Segment Open

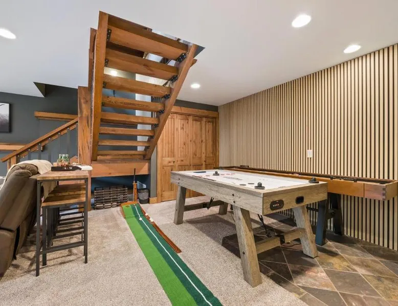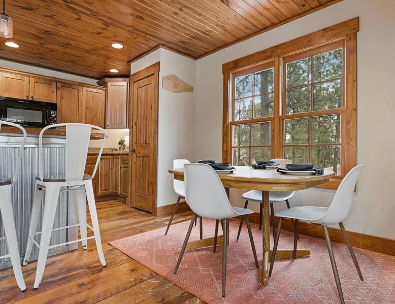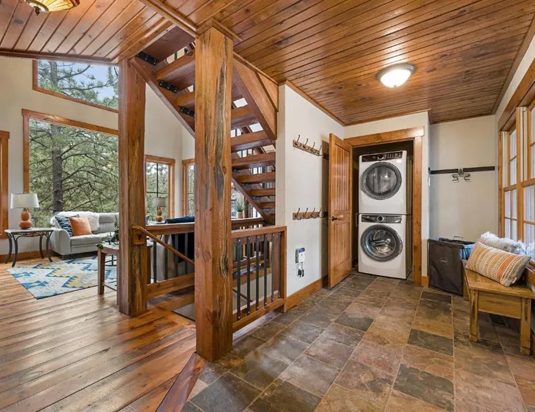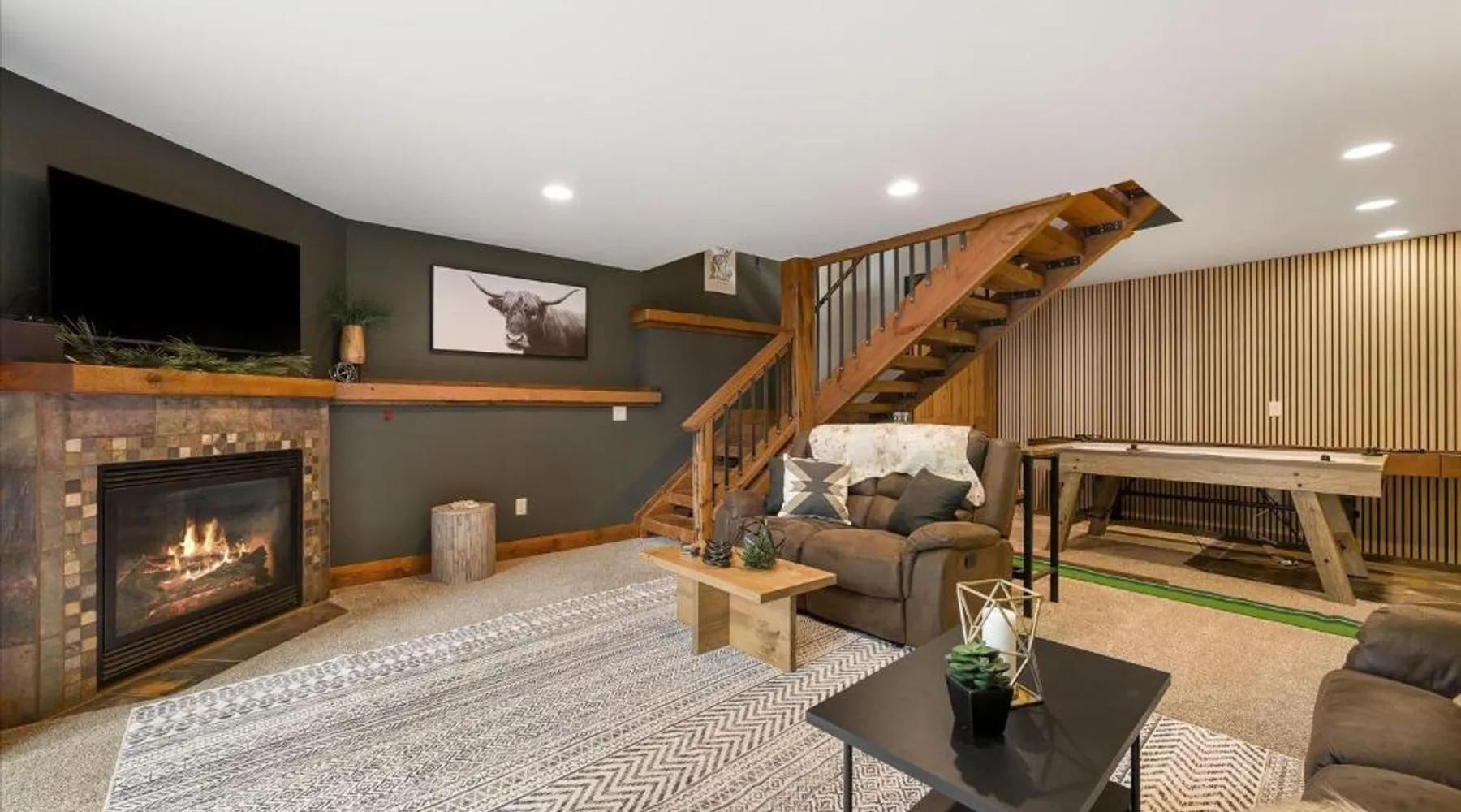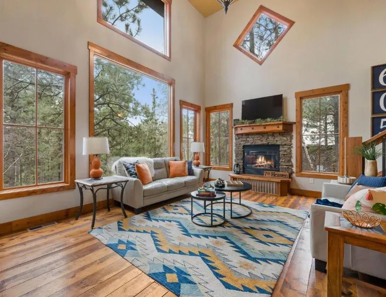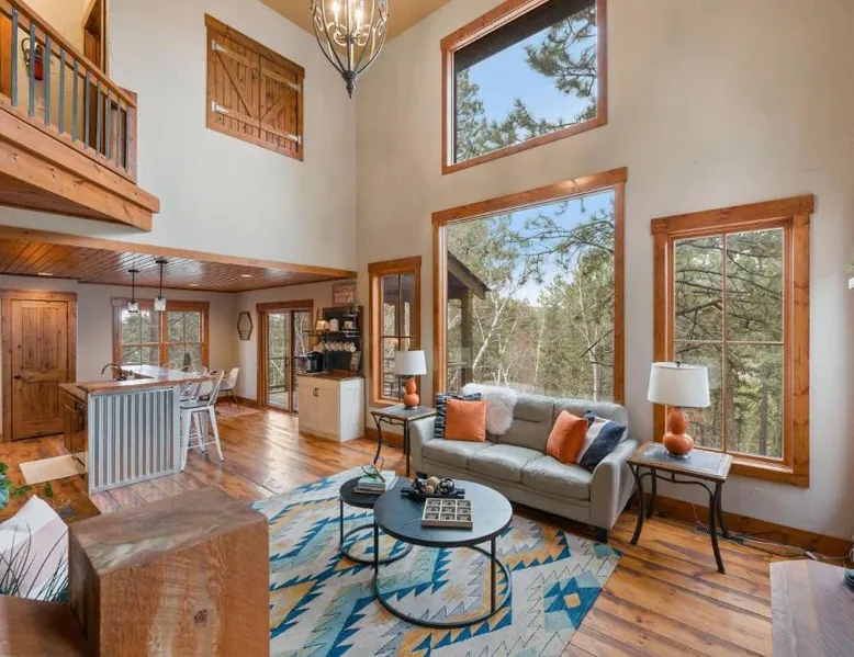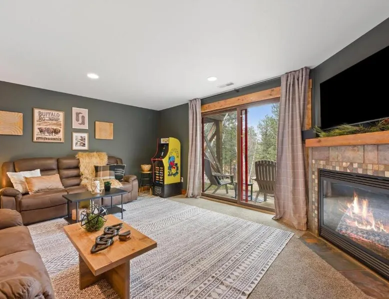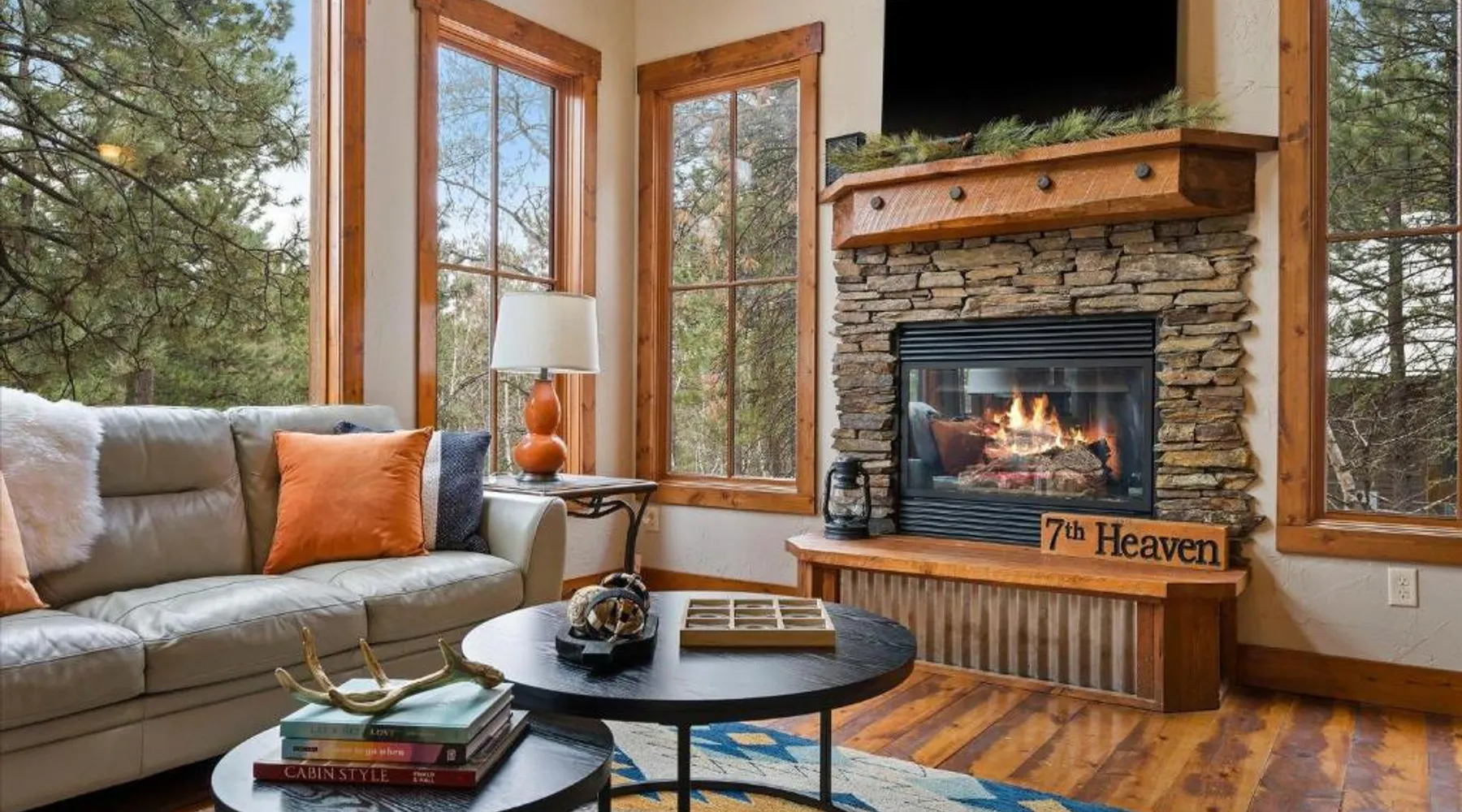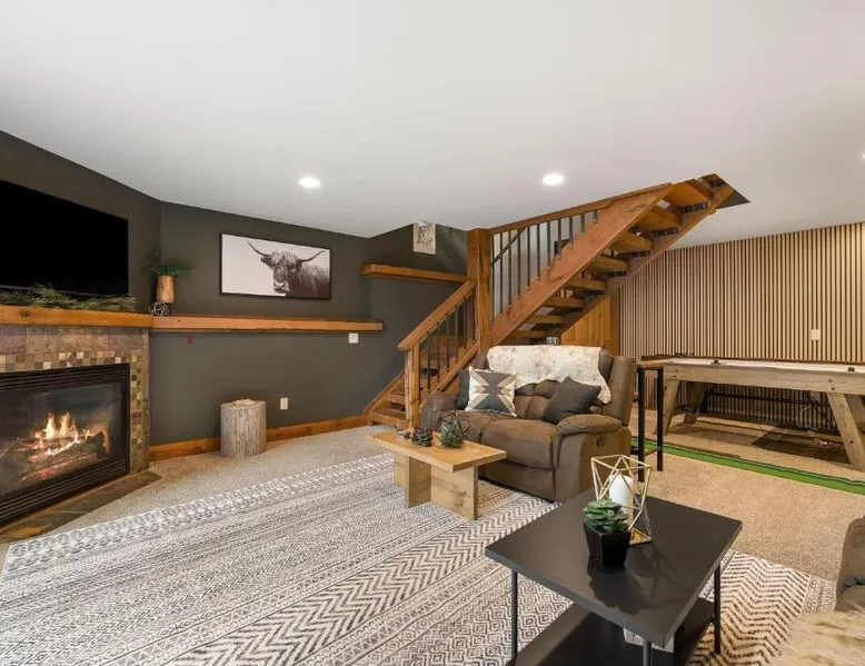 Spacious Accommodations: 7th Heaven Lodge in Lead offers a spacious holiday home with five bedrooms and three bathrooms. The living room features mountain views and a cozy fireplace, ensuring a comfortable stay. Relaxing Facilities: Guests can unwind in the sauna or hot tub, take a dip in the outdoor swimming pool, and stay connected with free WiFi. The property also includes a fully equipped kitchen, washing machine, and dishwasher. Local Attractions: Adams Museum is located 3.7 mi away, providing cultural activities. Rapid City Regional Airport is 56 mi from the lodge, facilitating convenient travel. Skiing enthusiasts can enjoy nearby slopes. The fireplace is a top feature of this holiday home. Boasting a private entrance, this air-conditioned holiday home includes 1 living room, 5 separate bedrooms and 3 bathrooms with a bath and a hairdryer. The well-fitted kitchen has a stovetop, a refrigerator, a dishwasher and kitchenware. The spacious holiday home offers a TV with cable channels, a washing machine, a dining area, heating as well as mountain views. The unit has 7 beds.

Segment Closed
Segment Open

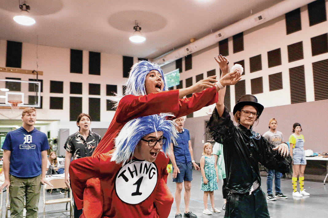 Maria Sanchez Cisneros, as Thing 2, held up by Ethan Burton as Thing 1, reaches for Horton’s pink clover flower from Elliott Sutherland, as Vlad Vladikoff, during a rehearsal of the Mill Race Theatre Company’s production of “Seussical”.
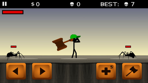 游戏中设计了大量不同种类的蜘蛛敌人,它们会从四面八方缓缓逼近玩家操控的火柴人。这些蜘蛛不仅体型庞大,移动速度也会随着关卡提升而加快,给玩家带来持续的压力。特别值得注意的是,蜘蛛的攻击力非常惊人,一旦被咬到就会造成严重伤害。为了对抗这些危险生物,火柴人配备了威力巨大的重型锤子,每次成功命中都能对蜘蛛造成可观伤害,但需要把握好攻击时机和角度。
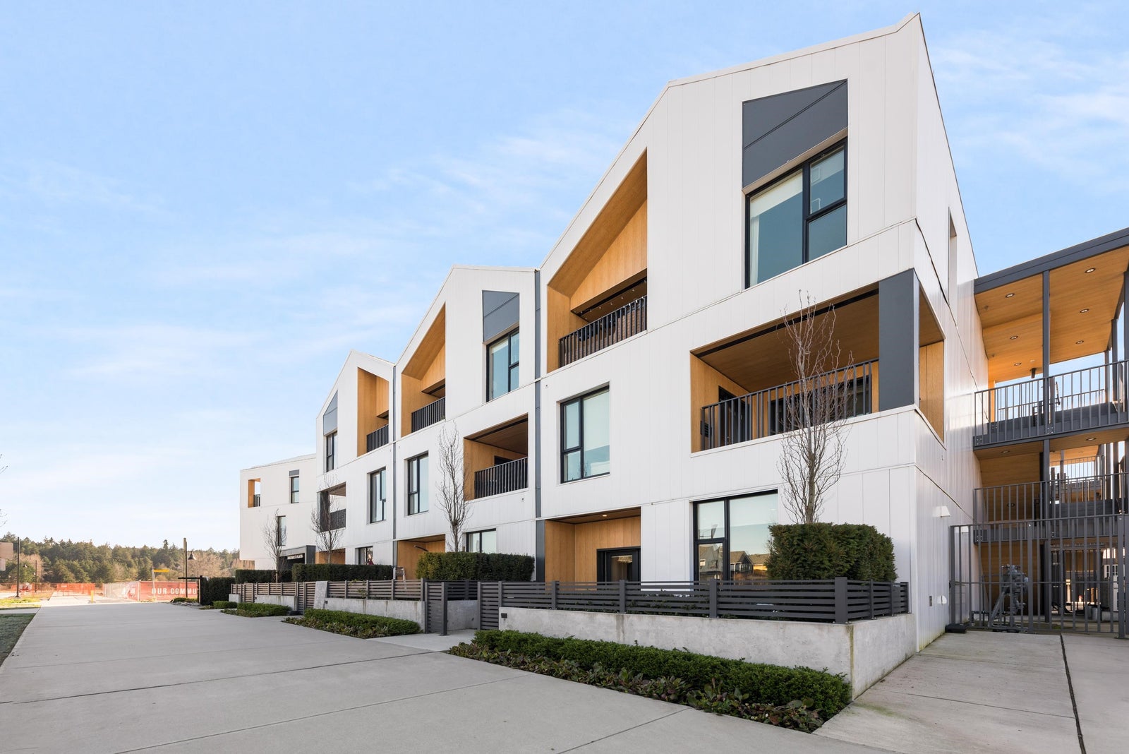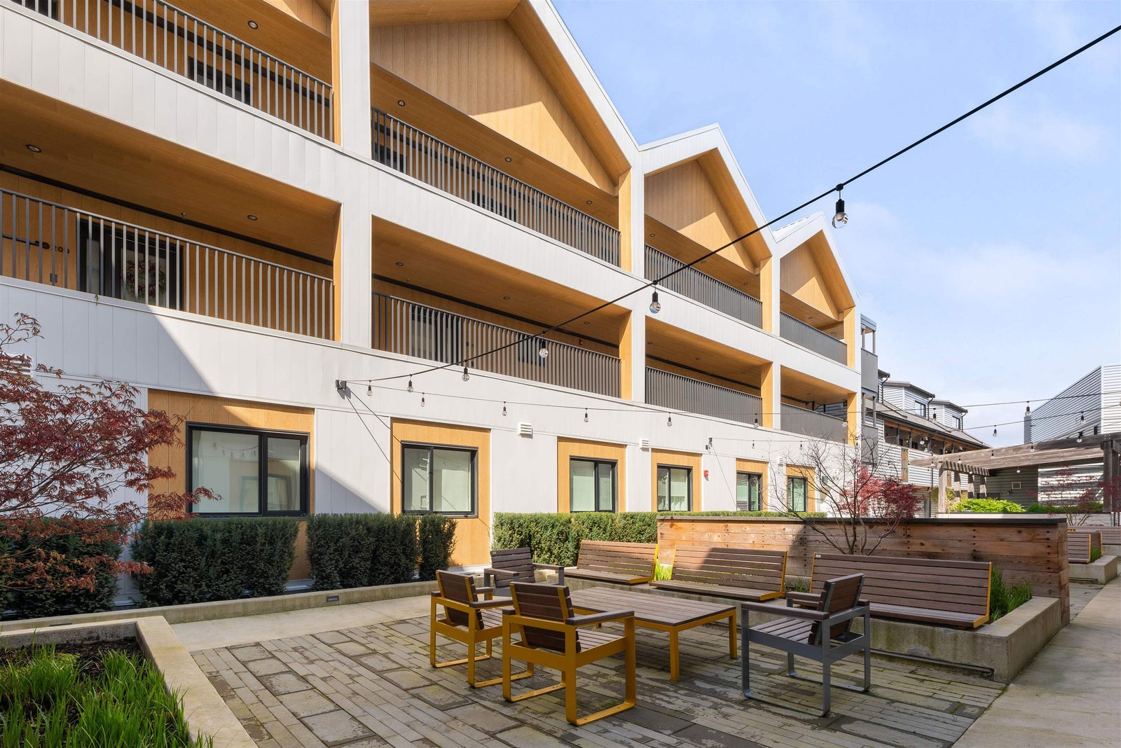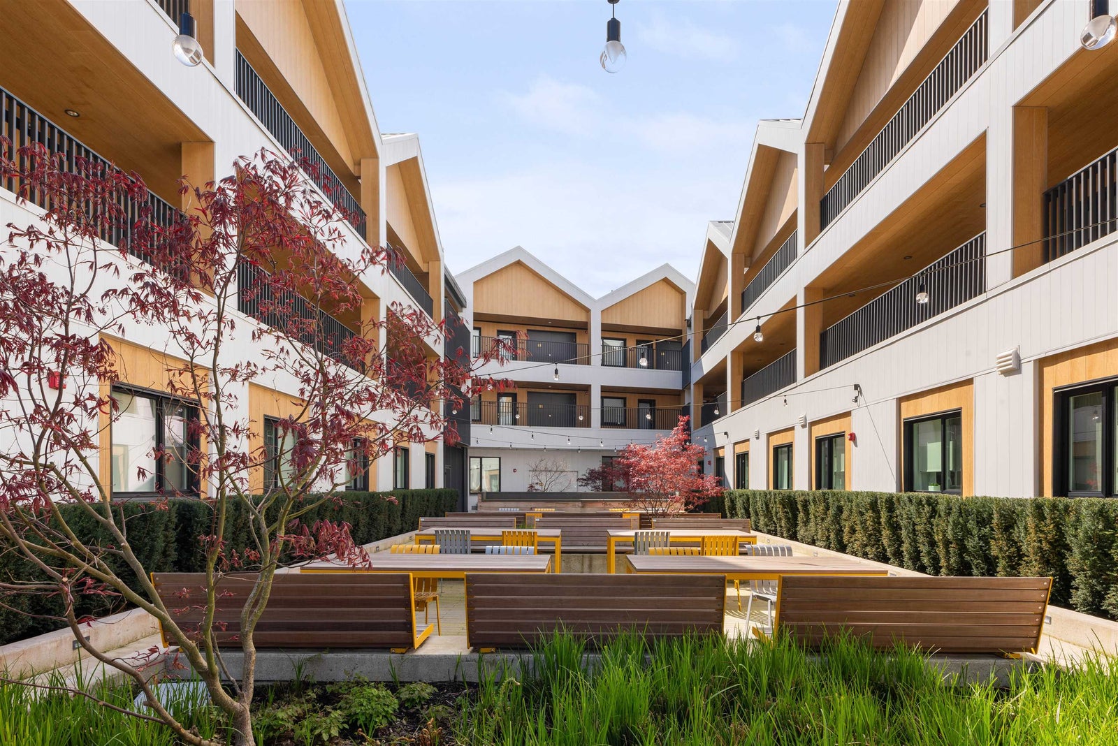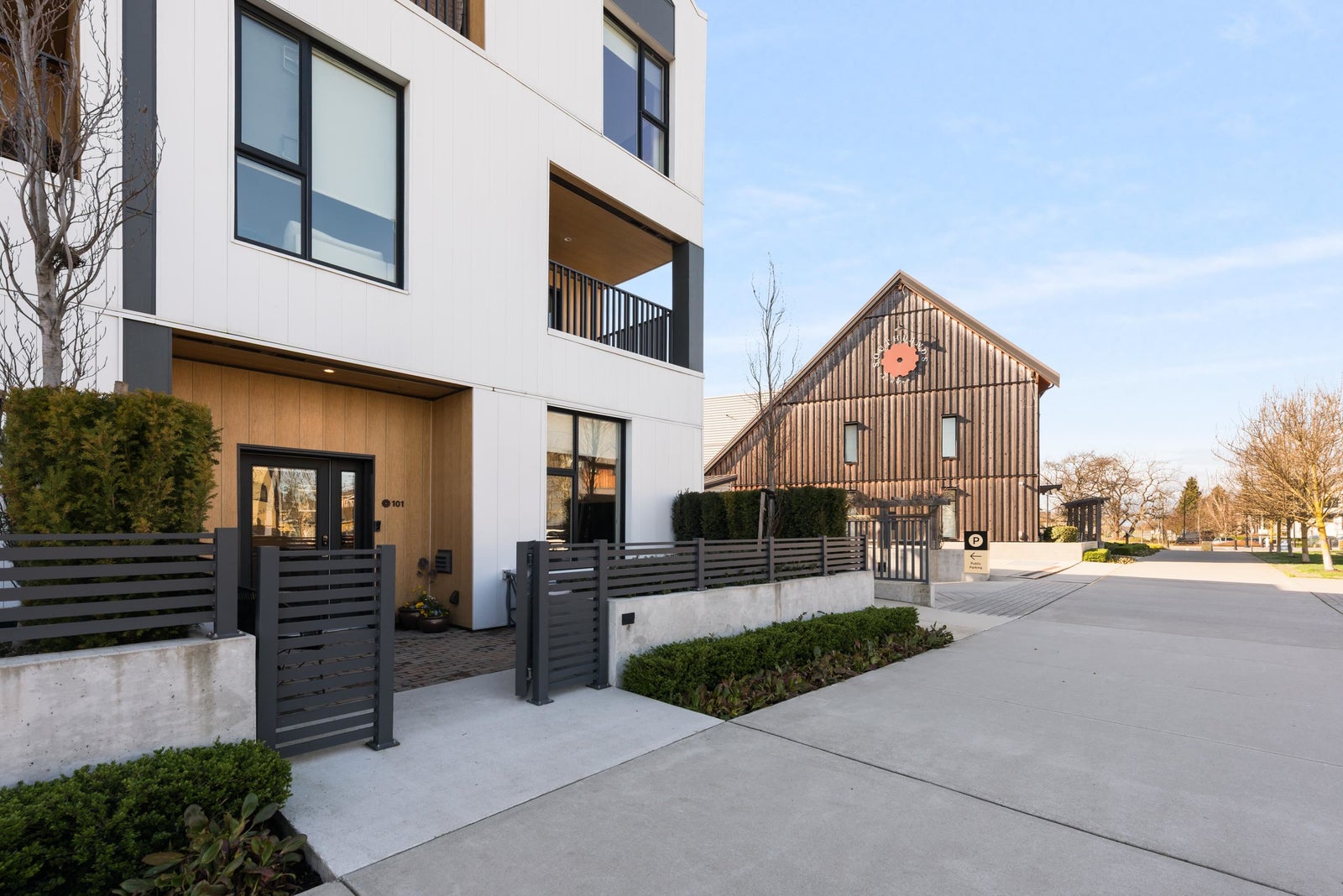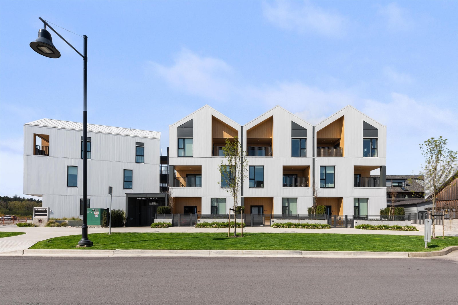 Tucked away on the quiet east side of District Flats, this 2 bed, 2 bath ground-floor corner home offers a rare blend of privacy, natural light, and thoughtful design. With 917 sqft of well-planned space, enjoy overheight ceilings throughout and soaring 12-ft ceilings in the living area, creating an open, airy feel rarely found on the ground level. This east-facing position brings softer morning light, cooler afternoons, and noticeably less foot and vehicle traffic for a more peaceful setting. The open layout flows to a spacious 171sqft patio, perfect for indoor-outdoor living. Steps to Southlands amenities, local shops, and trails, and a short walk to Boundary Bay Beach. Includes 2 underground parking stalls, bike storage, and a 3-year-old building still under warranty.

Segment Closed
Segment Open

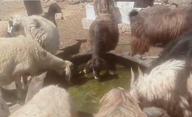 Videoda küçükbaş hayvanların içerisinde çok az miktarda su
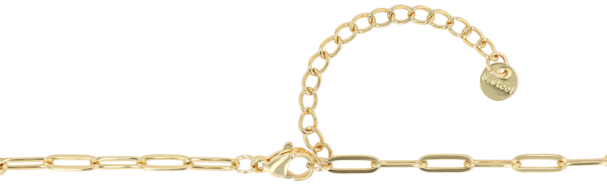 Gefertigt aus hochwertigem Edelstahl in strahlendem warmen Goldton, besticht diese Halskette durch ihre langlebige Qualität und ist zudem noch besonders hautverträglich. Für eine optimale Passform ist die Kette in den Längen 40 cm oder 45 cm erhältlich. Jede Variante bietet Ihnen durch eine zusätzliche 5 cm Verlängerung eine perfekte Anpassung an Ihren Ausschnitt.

Segment Closed

Directions for this task. Output only the lines above from the line that holds "Videoda küçükbaş hayvanların" through the line that holds "Gefertigt aus hochwertigem", both ends included, and exclude pictures.

Response to the exercise.
 Videoda küçükbaş hayvanların içerisinde çok az miktarda su
 Gefertigt aus hochwertigem Edelstahl in strahlendem warmen Goldton, besticht diese Halskette durch ihre langlebige Qualität und ist zudem noch besonders hautverträglich. Für eine optimale Passform ist die Kette in den Längen 40 cm oder 45 cm erhältlich. Jede Variante bietet Ihnen durch eine zusätzliche 5 cm Verlängerung eine perfekte Anpassung an Ihren Ausschnitt.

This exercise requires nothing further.